Я не только никогда не играла в куклы, но возненавидела повод, по которому их дарят, — елку. На елку приезжали те старшие родные, для которых мои молодые родители не были законодателями и не могли им сказать: «не дарите». Эти старшие заваливали меня, как первенца, аршинными куклами, их кроватками, шкапиками и другой дребеденью, а я была несчастна не потому только, что все это было мне ненужно, а по совсем другой причине. Мне надо было показать благодарность, даже радость. Как неглупая девочка, я знала, что это было необходимо, а между тем для меня всего тяжелее была ложь. Потому-то я искренно радовалась, когда проходил этот несносный вечер, уезжали старшие, провожаемые всеми знаками почтения, и я могла забросить или, лучше сказать, забыть аршинных кукол, пищавших «мама». Для меня не было большего праздника, чем когда мы с братьями принимались опустошать елку, и я могла поиграть в их игрушки. Я совсем не была выше игрушек. До сих пор помню один подарок отца — он подарил мне его задолго до елки, так же, как и я, сгорая от нетерпения. Как сейчас вижу эти белые сани, такие большие, что в них могли усесться оба брата, с облучком для меня; сани, запряженные парой вороных в серебряной сбруе. Сбруя снималась и надевалась, и моему блаженству не было конца. Милый папа знал, что подарить.
Отец кончил курс с серебряной медалью в Александровском лицее и 23 лет женился на своей троюродной сестре Масловой. Матери было только 18 лет. Она воспитывалась за границей и знала по-французски лучше, чем по-русски. Сестры ее даже едва говорили на своем родном языке, а вышли обе за провинциалов. Две сестры отца всю жизнь провели в провинции и оказались замужем за итальянцами — одна даже за ревнивым сицилианцем, доведшем ее до чахотки, другая за известным санскритистом Де-Губернатисом. Отец очень быстро шел по службе, чуть не 25 лет был начальником отделения, а 32 лет действительным статским советником. И отец, и мать оба писали[177].

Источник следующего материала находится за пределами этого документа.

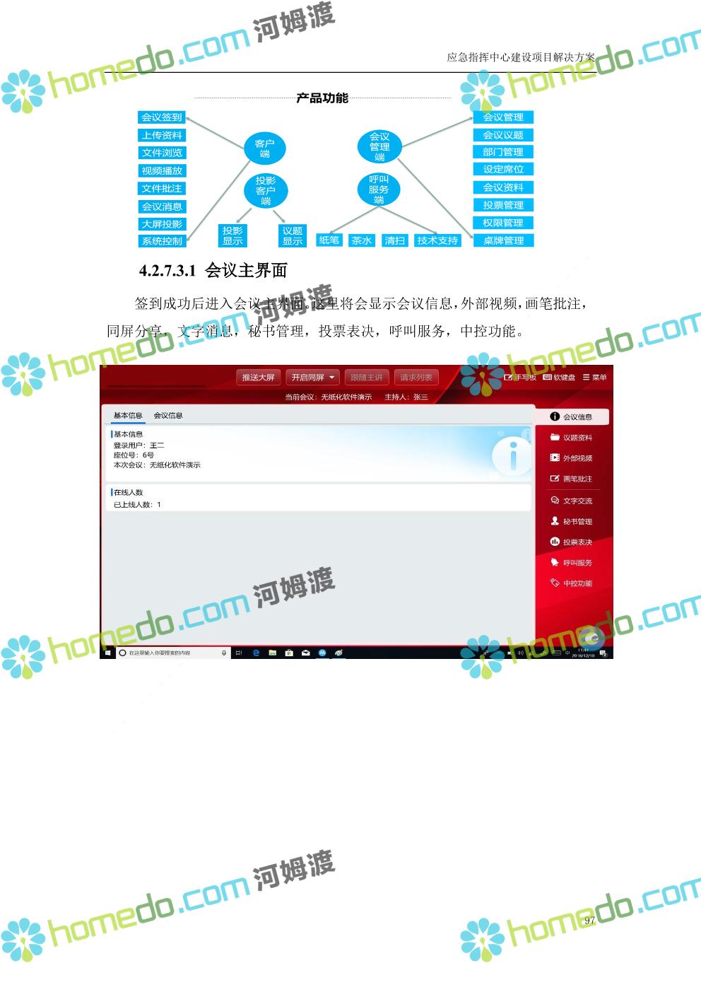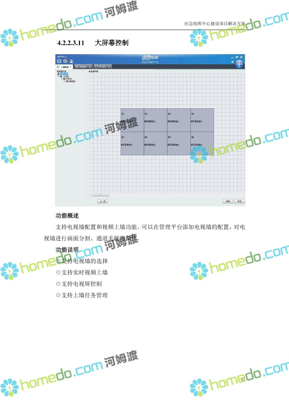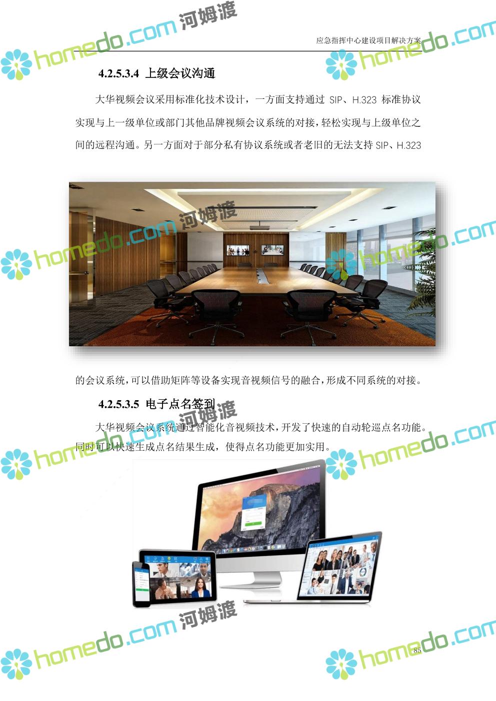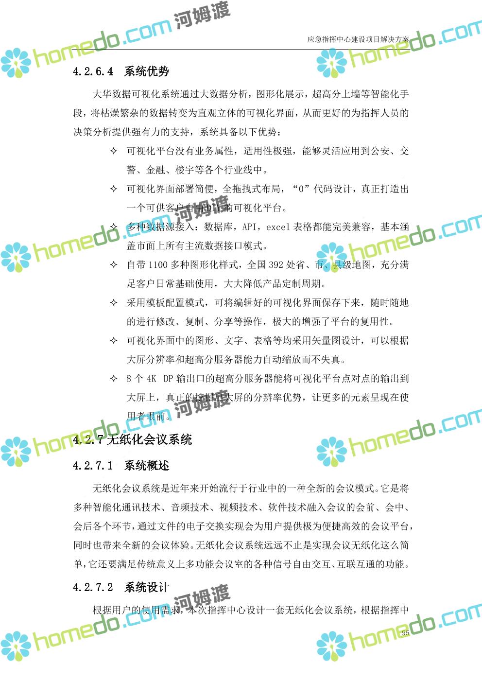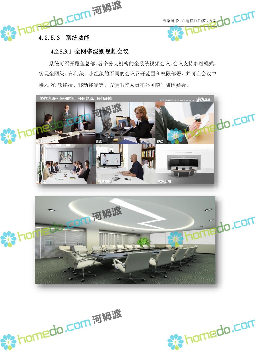 方案简介 根据指挥中心的实际需要,在指挥中心各个功能区部署大屏显示、音响扩声、融合通信、坐席管理、集中控制、视频会商、数据可视化及无纸化会议等设备,依托3G/4G、IP、PSTN等网络汇聚前端音视频资源,通过融合通信系统进行统一调度,将各类资源在指挥中心大屏展示。

Летом разыгрывалась фантазия матери. С нетерпением ждала я своих именин, зная, что она готовит мне сюрприз. Но то, что она дарила, всегда превосходило мои ожидания. За деревянным топором следовала маленькая соха с железными лемехами — соха, в которую я впрягала братьев; и, наконец, явилась коса, в сообществе бруска в брусочнице и молотка с бабкой.
Когда этой настоящей маленькой косой я выкашивала наш так называемый чистый двор, ремешок брусочницы опоясывал мою красную кумачную рубашку с косым воротом, а внизу торчали высокие голенища сапог. Летом мать уступала моей слабости и позволяла мне ходить в рубашке[178]. Но зато зимой мне оставалось только завидовать. У этих счастливых мальчиков были такие красивые синие кафтаны с золотыми пуговками, отороченные серым барашком, и, к довершению моей зависти, еще красные кушаки и шапки, а я… ходила в салопе и капоре[179].
Мои прогулки в городе были отравлены этими атрибутами «девочки». Мне было неловко в них, и они казались мне некрасивыми.
В рубашке было так удобно вскочить в телегу, править, лазить на каждое дерево.
Я ездила, правда, в платье, на козлах нашего большого крытого тарантаса, потому что уговорить меня сесть в клетку было трудно, и править я любила больше всего на свете, пока не стала ездить верхом, и тогда править показалось мне уже скучным.
Кучер был нередко пьян, как это подобает деревенскому кучеру, и я совсем одна справлялась с тройкой. Я изучила все нехитрые приемы этого управления, и лошади меня слушались: вожжей я не дергала — для этого я слишком любила лошадей. Любила и собак, и помню, как 4-х лет ничем не сумела угостить собаку, кроме освященной просфоры, и до чего все перепугались.